SHORT ANSWER: mirroring and parity-based RAID layouts support repairing a bad sector with supposedly good data, both during normal reads and during scrubs. However classical RAID (both hardware and software based) can do nothing against silent data corruption, which requires stronger protection in the form of data checksum (provided, for example, by BTRFS and ZFS).
LONG ANSWER: the question and the provided answers conflate different concept about how disks, MDRAID and checksummed filesystems works. Let explain them one by one; anyway, please consider that the exact behaviors are somewhat firmware and implementation dependent:
the first line of defense is the disk's own internal ECC: when some bit goes bad the embedded ECC recovery kick in, correcting the affected error in realtime. A low ECC read rate will generally not cause an automatic sector repair/reallocation; however, if ECC errors accumulate and grow up, the disk's firmware will finally reallocate the affected sector before it become unreadable (this will be counted as "Reallocated even count" by SMART attribute). Some enterprise disks periodically read all sectors to timely discover problematic sectors (see SAS/SATA surface scanning).

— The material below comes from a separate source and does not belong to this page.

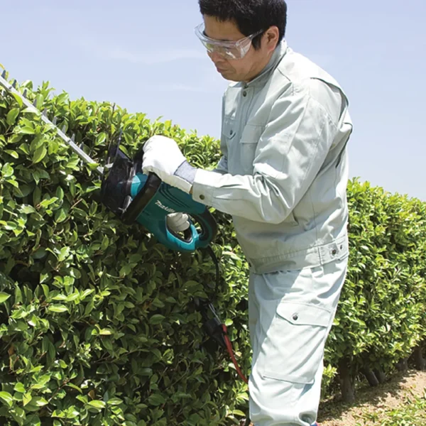 Model UH5261 zapewnia wysoki poziom bezpieczeństwa pracy, ponieważ posiada dwuręczny system włączania. Aby uruchomić urządzenie, należy użyć obu uchwytów, co zapobiega przypadkowemu włączeniu. Dodatkowo hamulec elektryczny zatrzymuje ostrze natychmiast po zwolnieniu spustu, co zmniejsza ryzyko urazu. Dzięki temu użytkownik zyskuje pełną kontrolę nad narzędziem w każdej sytuacji.

if the sector is only very rarely read and the disk does not "see" the gradual sector data corruption, a read can suddenly fail ("Pending Sectors" SMART attribute) and the affected data are lost. The disk will report a SATA READ ERROR to the operating system and moves on. If using a RAID 1/5/6 scheme the system has sufficient redundancy to reconstruct the missing data, overwriting the failing sectors and, depending on the disk firmware, forcing a sector reallocation. Traditionally, both hardware RAID cards and MDRAID (Linux software RAID) worked in this manner, relying on HDD own remapping feature. Newer HW RAID cards and MDADM relases further provide an internal remapping lists which kicks in if/when the HDD fails to remap the affected sector (ie: because no spare sectors are available); you can read more in md man page, especially the "RECOVERY" section. This obviously means the disk should be immediately replaced. To avoid discovering too many unreadable sectors too late, all RAID implementations support a "scrub" o "patrol read" operation, where the entire array is periodically read to test the underlying disks.

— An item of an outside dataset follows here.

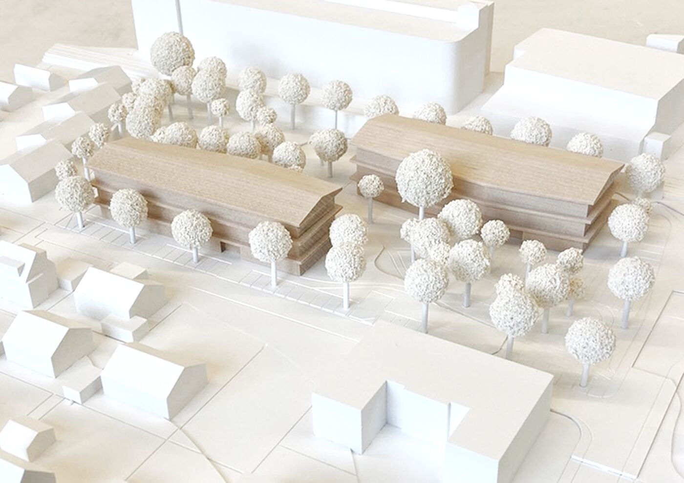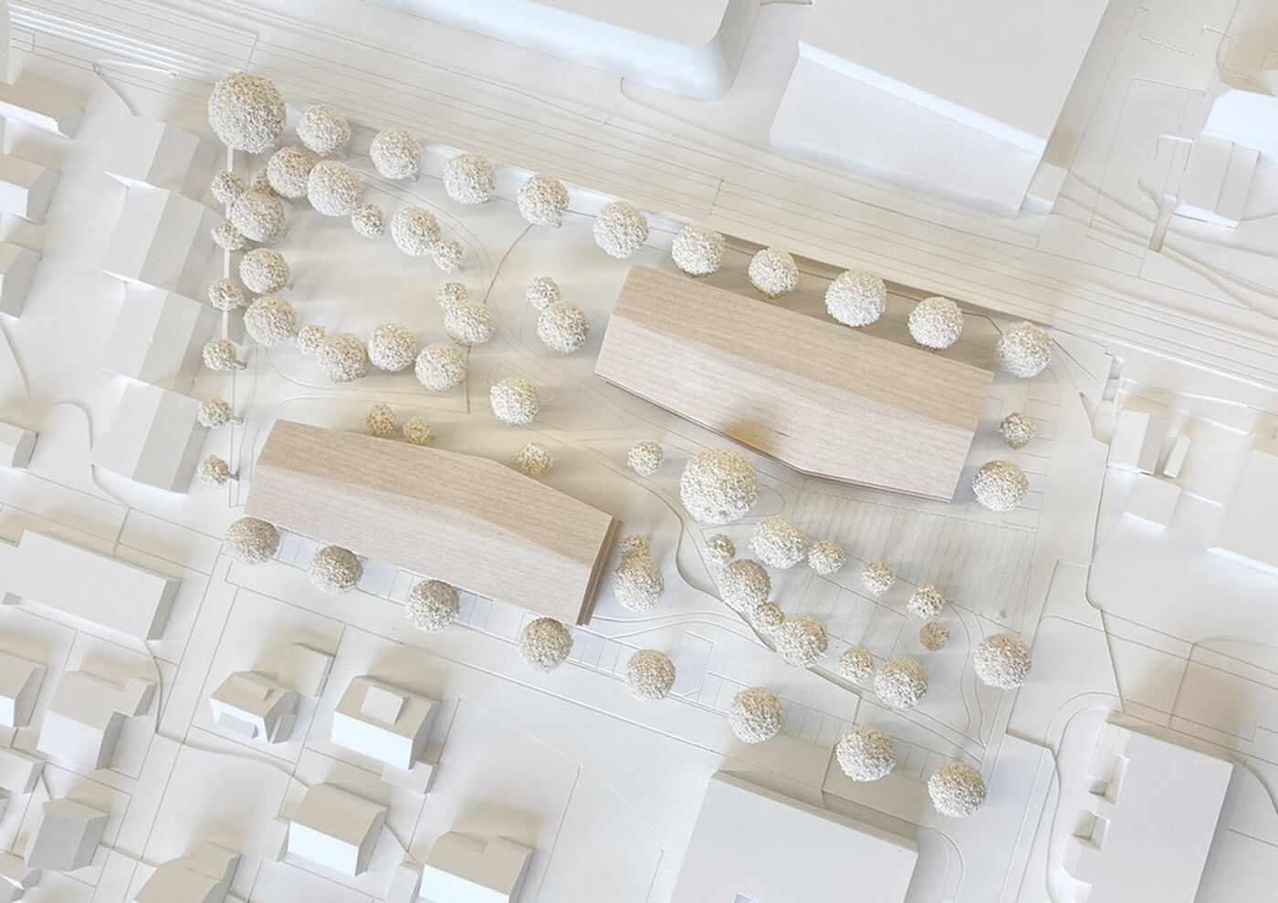 Zwei Häuser, das Mehrgenerationenhaus als offenes Haus und die Kindertagesstätte als schützende Behausung, stehen innerhalb des Bürgerparks in Beziehung zueinander und spannen einen städtebaulichen Raum auf. Das Gesamtensemble wird zum zentralen öffentlichen Ort der Begegnung und ist zugleich ein räumliches Gelenk, das von der Ortsmitte zum Quartier Mühlkanal überleitet und die beiden getrennten Bereiche Bürgerpark und Schachenmayr-Areal als Bindeglied zusammenführt.

the protection scheme described above only works when the read/write error is clearly reported to the RAID card and/or operating system. In the case of silent data corruption (ie: a disks returning bad data instead of a clear error), such approach is useless. To protect yourself from silent data corruption (which, by definition, are not reported by any SMART attribute), you need an additional checksum to validate the correctness of returned data. This additional protection can be hardware-based (ie: SAS T10 extension), block-device software-based (ie: dm-integrity) or a fully integrated checksum filesystem (BTRFS and ZFS). Speaking about ZFS and BTRFS, they support a "scrub" operation similar, but not identical (ie: scanning only actual allocated space/data), to their RAID conterparts.
NOTE: RAID6 or 3-way RAID1 layouts can theoretically offer some added protection against bitrot compared to RAID5 and 2-way RAID1 by using some form of "majority vote". However, as it would command a massive performance hit, I never saw such behavior in common implementation. See here for more details.
The linux md raid in its strictest sense can't do that, but the dmraid (device mapper, the kernel side of the lvm) has a bad block remapper module.
Of course dm and md can be used parallel. In its most popular configuration, a raid array has an lvm volume group on it. This can be extended with the badblock mapper as well.
I must note: the current hard disk controllers have a such badblock mapper functionality in their firmware.
Most professional system administrator doesn't work with disks with bad blocks, but they throw it out after the first problem. They explain that with cost-risk calculations, but it is not true. The truth is, that they are simply lazy. There is very good badblock handling in most operating systems (especially in linux), you can use a such hard disk without any fear.